I have an upstream mail server running spamassassin as part of a relatively complex mail flow. This server will flag mail identified as spam with X-Spam-Flag: YES (among other standard headers).

Some of this mail gets forwarded to another organization (also partially under my control) which has a mailhub also running spamassassin.

I would like the downstream spamassassin to skip scanning on messages flagged as spam, rather than wrapping in another layer of SA (or deciding that the message is now ham after forwarding). I'm ambivalent on if I want to re-scan messages identified as ham -- likely not, since less information about delivery is available at this stage.

Is there a way to do this within Spamassassin config?

Not exactly. There is no mechanism for authenticating the X-Spam-* headers that SA adds, so SA removes them before analysis so that they cannot cause problems in Bayes or in other downstream tools that might blindly pick up patterns that should not be trusted.

A way around this is to make the trusted scanning system add a unique header (or headers) NOT starting with X-Spam-* to carry its judgment. The downstream SA an detect this and shortcircuit a high-score rule to save on processing.

Notes:

1) I don't want to simply have a rule that gives existing "X-Spam-Flag: YES" a high score -- that would generate new headers and further MIME wrapping. I just want the original message passed on un-edited.

So set report_safe=0. The whole MIME-wrapping thing is more trouble than it is worth (in my strictly personal opinion) and you're better off without it.
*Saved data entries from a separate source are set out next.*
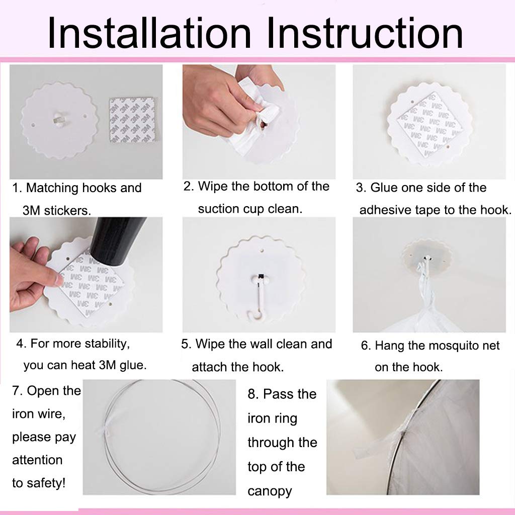 - ♥EASY INSTALLATION:Size 240cm/94.5Inch. Installation is simple, with installation instructions. The package is equipped with a hook and 3M sticker. Just pass the iron ring through the mosquito net to make it round, and then hang it on a clean roof. It is easy to disassemble and easy to clean.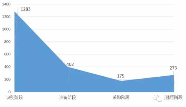 按全國PPP綜合信息平臺項目庫的劃分,PPP項目可分為識別、準備、采購、執行與移交五個階段。目前環保項目中尚未有項目進入移交階段,處于識別階段的項目最多,數量高達1283個。與其他領域PPP項目不同的是,該領域執行階段的項目數量超過了采購階段項目,說明環保類PPP項目落地相對較快。各階段項目數量分布情況如圖12所示。
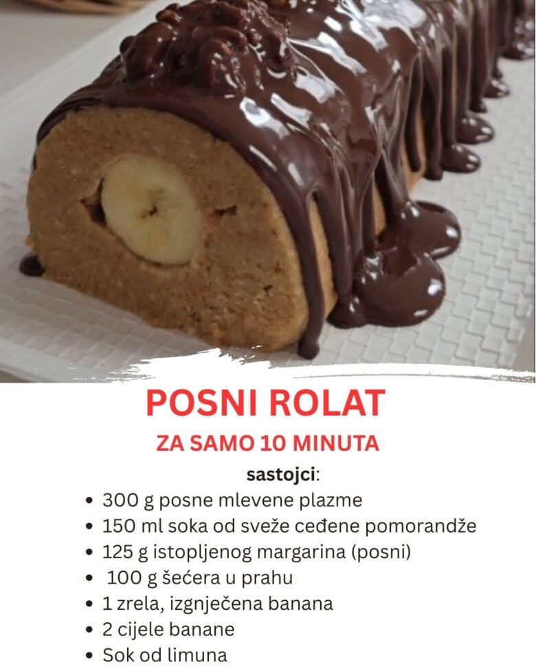 Posni plazma rolat je desert koji se ne zaboravlja – jednostavan za pripremu, vizuelno atraktivan i pun bogatih ukusa. Idealno se uklapa u svaku priliku – bilo da je riječ o prazničnom stolu, porodičnom okupljanju ili samo želji za nečim slatkim uz popodnevnu kafu. Ono što ga čini posebnim jeste savršena ravnoteža između lagane osnove i kremaste banane u sredini, uz prefinu čokoladnu završnicu.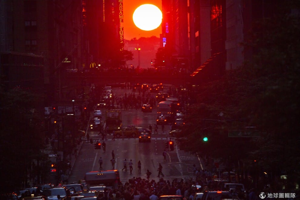 紐約市中,可以看到人們擠在42街上,因為一年僅發生兩次的「曼哈頓巨石陣」(Manhattanhenge)現身在11號這天,這個天文現象是由知名的天文學者泰森(Neil deGrasse Tyson)命名。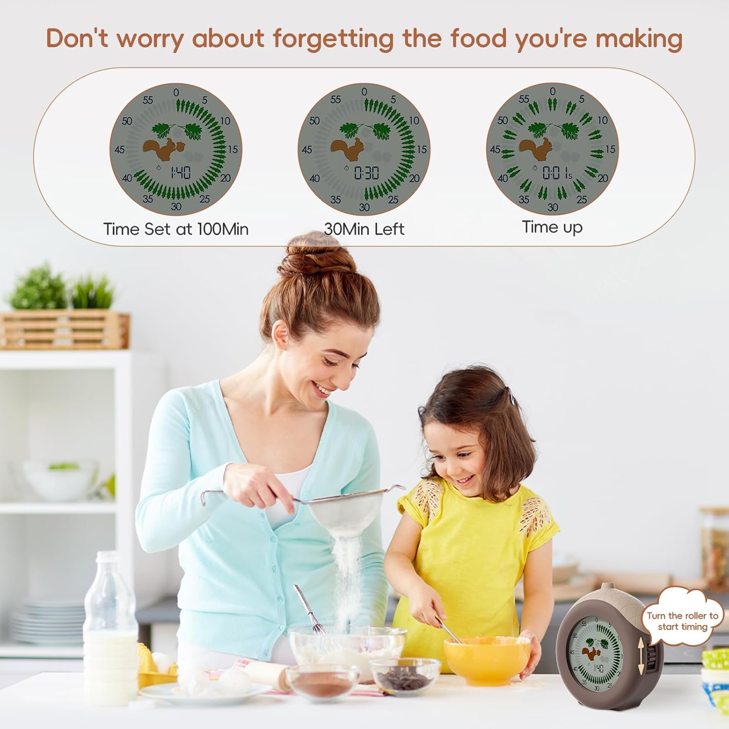 Digital Visual Timer for Kids with Protective Case, Hazelnut Theme 299 Minute Cute Squirrel Timer for Classroom Office Kitchen, Time Management Tools for ADHD Children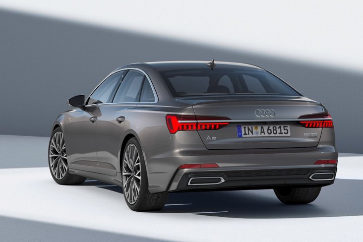 The all-new A6 retains its characteristic slab-sided appearance although it has noticeably more rounded lines than its predecessor. The most striking exterior differences are in the new head and taillights, and the addition of a new chrome strip on the rear that runs through the lamps. HD Matrix LED lights are available.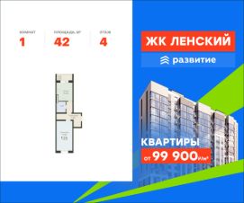 В продаже квартира площадью 42.00 кв. м с отделкой white box на 4 этаже 16 этажного дома. Квартира находится в 4834 корпусе.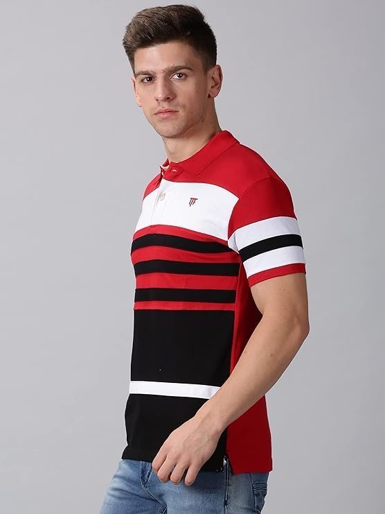 Men’s Cotton Striped Polo T-Shirt, Red/White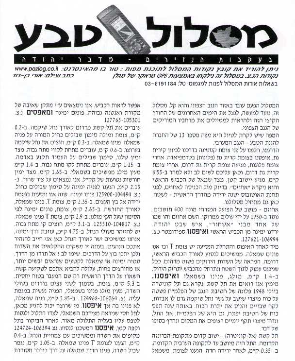 Megamoto Track to Tzipori: Page 1, Page 2, (for internet ver.: here)

Adding headers or not is a local config choice, but if you have the upstream add custom headers, you can let the downstream one add the default X-Spam-* headers or its own custom headers.

2) I can get a similar result by having my downstream MTA skip the spamassassin pipeline part for messages from the upstream mailhub (probably by establishing an authenticated alternate delivery port), but this is less ideal as it won't filter messages originating from the upstream organization (and not scanned) and also seems more brittle...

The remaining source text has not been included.